Back-end

OOM 문제 해결

hjr067 2025. 4. 19. 02:01

Websocket + FastAPI로 구현했던 기능에서 계속 OOM 에러가 떠서.. 

아예 구성을 바꿔야 겠다고 생각했다.

 

 

[🧱 전체 구성 요약]

📱 Client
   ↓ WebSocket 요청
🌐 FastAPI
   → Celery task 발송
   → WebSocket 열고 로그 수신/전송
🐇 Celery Worker
   → model.fit() 수행
   → 로그를 Redis에 저장 or 직접 WebSocket으로 push
🐘 Redis
   → Task queue / 로그 전달용

✅ 구성 요소 요약

역할파일설명
Celery task 실행 tasks/train.py 모델 학습
Redis 로그 전송 utils/pubsub.py 학습 로그 publish
WebSocket 수신 ws/log_consumer.py Redis subscribe 후 클라이언트에 전송
FastAPI 라우터 routers/ws_train.py 학습 요청 → task 실행
Celery 설정 celery_worker.py celery worker 실행
서비스 통합 docker-compose.yml FastAPI + Redis + Celery 실행

 

🔧 1단계: Redis + Celery 설정

📦 설치

requirements.txt 또는 pip에 추가:

celery[redis]
redis

 

🗂️ 2단계: 디렉터리 구조 예시

 
app/
├── main.py                  ← FastAPI 실행
├── celery_worker.py         ← Celery 실행 스크립트
├── tasks/
│   └── train.py             ← 학습 로직 정의
├── ws/
│   └── handler.py           ← WebSocket 처리

🧠 3단계: Celery 설정 (app/celery_worker.py)

# app/celery_worker.py
from celery import Celery
import os

REDIS_URL = os.getenv("REDIS_URL", "redis://redis:6379/0")

celery_app = Celery(
    "worker",
    broker=REDIS_URL,
    backend=REDIS_URL,
)

celery_app.conf.task_routes = {
    "tasks.train.run_training": {"queue": "training"},
}

 

🧪 4단계: 학습 task 정의 (tasks/train.py)

# app/tasks/train.py
from app.celery_worker import celery_app
from app.utils.pubsub import publish_log
import tensorflow as tf
import numpy as np
import json

@celery_app.task
def run_training(user_id, model_code, epochs, batch_size, learning_rate):
    exec_globals = {}
    exec(model_code, exec_globals)

    model = exec_globals["model"]
    x_train = exec_globals["x_train"]
    y_train = exec_globals["y_train"]

    model.compile(
        optimizer=tf.keras.optimizers.Adam(learning_rate=learning_rate),
        loss="categorical_crossentropy",
        metrics=["accuracy"]
    )

    for epoch in range(epochs):
        history = model.fit(x_train, y_train, epochs=1, batch_size=batch_size, verbose=0)
        acc = round(float(history.history['accuracy'][0]) * 100, 2)
        loss = round(float(history.history['loss'][0]), 4)

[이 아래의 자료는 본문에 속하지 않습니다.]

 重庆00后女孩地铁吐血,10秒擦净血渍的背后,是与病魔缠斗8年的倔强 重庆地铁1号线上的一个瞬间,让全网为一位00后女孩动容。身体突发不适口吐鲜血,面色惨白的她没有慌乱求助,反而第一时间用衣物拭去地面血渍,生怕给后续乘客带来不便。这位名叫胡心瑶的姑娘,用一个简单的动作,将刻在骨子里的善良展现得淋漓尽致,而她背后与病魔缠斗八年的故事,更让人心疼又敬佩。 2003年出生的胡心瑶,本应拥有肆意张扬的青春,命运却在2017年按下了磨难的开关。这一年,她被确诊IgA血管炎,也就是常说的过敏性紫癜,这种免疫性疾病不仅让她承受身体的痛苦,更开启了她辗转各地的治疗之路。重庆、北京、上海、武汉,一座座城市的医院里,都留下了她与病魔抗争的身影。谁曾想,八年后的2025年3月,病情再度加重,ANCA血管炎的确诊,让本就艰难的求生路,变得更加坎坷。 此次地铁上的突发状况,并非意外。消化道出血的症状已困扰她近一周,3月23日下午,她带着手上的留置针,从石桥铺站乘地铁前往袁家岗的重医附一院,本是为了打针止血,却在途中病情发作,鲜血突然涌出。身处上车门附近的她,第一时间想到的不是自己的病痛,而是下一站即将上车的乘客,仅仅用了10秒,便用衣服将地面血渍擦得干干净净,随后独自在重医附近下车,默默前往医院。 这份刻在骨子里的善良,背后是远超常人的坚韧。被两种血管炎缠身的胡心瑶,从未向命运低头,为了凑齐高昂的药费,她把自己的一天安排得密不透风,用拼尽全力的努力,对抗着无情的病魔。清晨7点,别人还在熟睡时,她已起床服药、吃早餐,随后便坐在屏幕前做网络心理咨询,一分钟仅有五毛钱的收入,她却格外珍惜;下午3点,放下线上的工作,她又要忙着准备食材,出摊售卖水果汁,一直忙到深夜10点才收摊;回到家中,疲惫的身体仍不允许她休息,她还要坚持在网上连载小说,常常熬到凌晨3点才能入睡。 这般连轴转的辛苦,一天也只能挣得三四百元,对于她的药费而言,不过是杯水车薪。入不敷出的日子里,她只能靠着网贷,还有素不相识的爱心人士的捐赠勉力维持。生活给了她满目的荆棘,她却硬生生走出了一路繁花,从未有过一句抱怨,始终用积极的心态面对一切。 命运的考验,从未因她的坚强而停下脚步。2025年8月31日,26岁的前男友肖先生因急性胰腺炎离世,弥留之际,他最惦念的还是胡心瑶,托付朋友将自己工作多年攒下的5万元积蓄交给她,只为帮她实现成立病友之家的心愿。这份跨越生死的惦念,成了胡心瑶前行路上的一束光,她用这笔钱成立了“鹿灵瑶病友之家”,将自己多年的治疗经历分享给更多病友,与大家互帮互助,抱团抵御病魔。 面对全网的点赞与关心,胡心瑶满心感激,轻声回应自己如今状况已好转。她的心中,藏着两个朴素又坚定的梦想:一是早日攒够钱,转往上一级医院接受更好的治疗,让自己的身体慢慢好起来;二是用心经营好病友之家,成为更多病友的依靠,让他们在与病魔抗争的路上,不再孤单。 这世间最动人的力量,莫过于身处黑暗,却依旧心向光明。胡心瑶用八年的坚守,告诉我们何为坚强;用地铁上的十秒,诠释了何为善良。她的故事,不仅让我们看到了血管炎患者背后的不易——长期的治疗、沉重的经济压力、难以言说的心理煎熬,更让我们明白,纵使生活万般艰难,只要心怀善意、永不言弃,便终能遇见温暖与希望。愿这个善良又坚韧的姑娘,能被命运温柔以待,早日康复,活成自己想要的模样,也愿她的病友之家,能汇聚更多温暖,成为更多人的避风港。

        publish_log(f"user:{user_id}", {
            "type": "epoch_log",
            "epoch": epoch + 1,
            "accuracy": acc,
            "loss": loss,
        })

    publish_log(f"user:{user_id}", {
        "type": "final",
        "status": "학습 완료"
    })

    return {"message": "done"}

✅ app/utils/pubsub.py

# app/utils/pubsub.py
import redis
import os
import json

REDIS_URL = os.getenv("REDIS_URL", "redis://redis:6379/0")
r = redis.Redis.from_url(REDIS_URL)

def publish_log(channel: str, data: dict):
    r.publish(channel, json.dumps(data))

def subscribe_log(channel: str):
    pubsub = r.pubsub()
    pubsub.subscribe(channel)
    return pubsub

🔁 5단계: FastAPI에서 Celery task 호출 (main.py 또는 ws_train.py)

# app/routers/ws_train.py
from fastapi import APIRouter, WebSocket
from tasks.train import run_training
from app.utils.pubsub import subscribe_log
import asyncio
import json

router = APIRouter()

@router.websocket("/ws/train")
async def websocket_train(websocket: WebSocket):
    await websocket.accept()
    try:
        data = await websocket.receive_json()
        user_id = str(data["user_id"])
        model_code = data["code"]
        form = data["form"]

        task = run_training.delay(
            user_id,
            model_code,
            form["epochs"],
            form["batch_size"],
            form["learning_rate"]
        )

        pubsub = subscribe_log(f"user:{user_id}")

        while True:
            message = pubsub.get_message(ignore_subscribe_messages=True, timeout=1)
            if message:
                await websocket.send_text(message["data"].decode("utf-8"))
            await asyncio.sleep(0.5)

    except Exception as e:
        await websocket.send_json({"error": str(e)})
    finally:
        await websocket.close()

 

📡 6단계: 실시간 로그 전달

Redis Pub/Sub (강력 추천)

  • 학습 로그를 Redis channel로 publish
  • FastAPI WebSocket이 Redis를 subscribe해서 실시간으로 전송

 

🚀 Celery worker 실행

celery -A app.celery_worker.celery_app worker --loglevel=info -Q training
 

 

docker-compose.yml

# docker-compose.yml
version: '3.8'

services:
  fastapi_app:
    build: .
    container_name: fastapi_app
    ports:
      - "8000:8000"
    depends_on:
      - redis
    env_file:
      - .env
    volumes:
      - .:/app

  redis:
    image: redis:alpine
    container_name: redis
    ports:
      - "6379:6379"

  celery_worker:
    build: .
    container_name: celery_worker
    command: celery -A app.celery_worker.celery_app worker --loglevel=info -Q training
    depends_on:
      - redis
    env_file:
      - .env
    volumes:
      - .:/app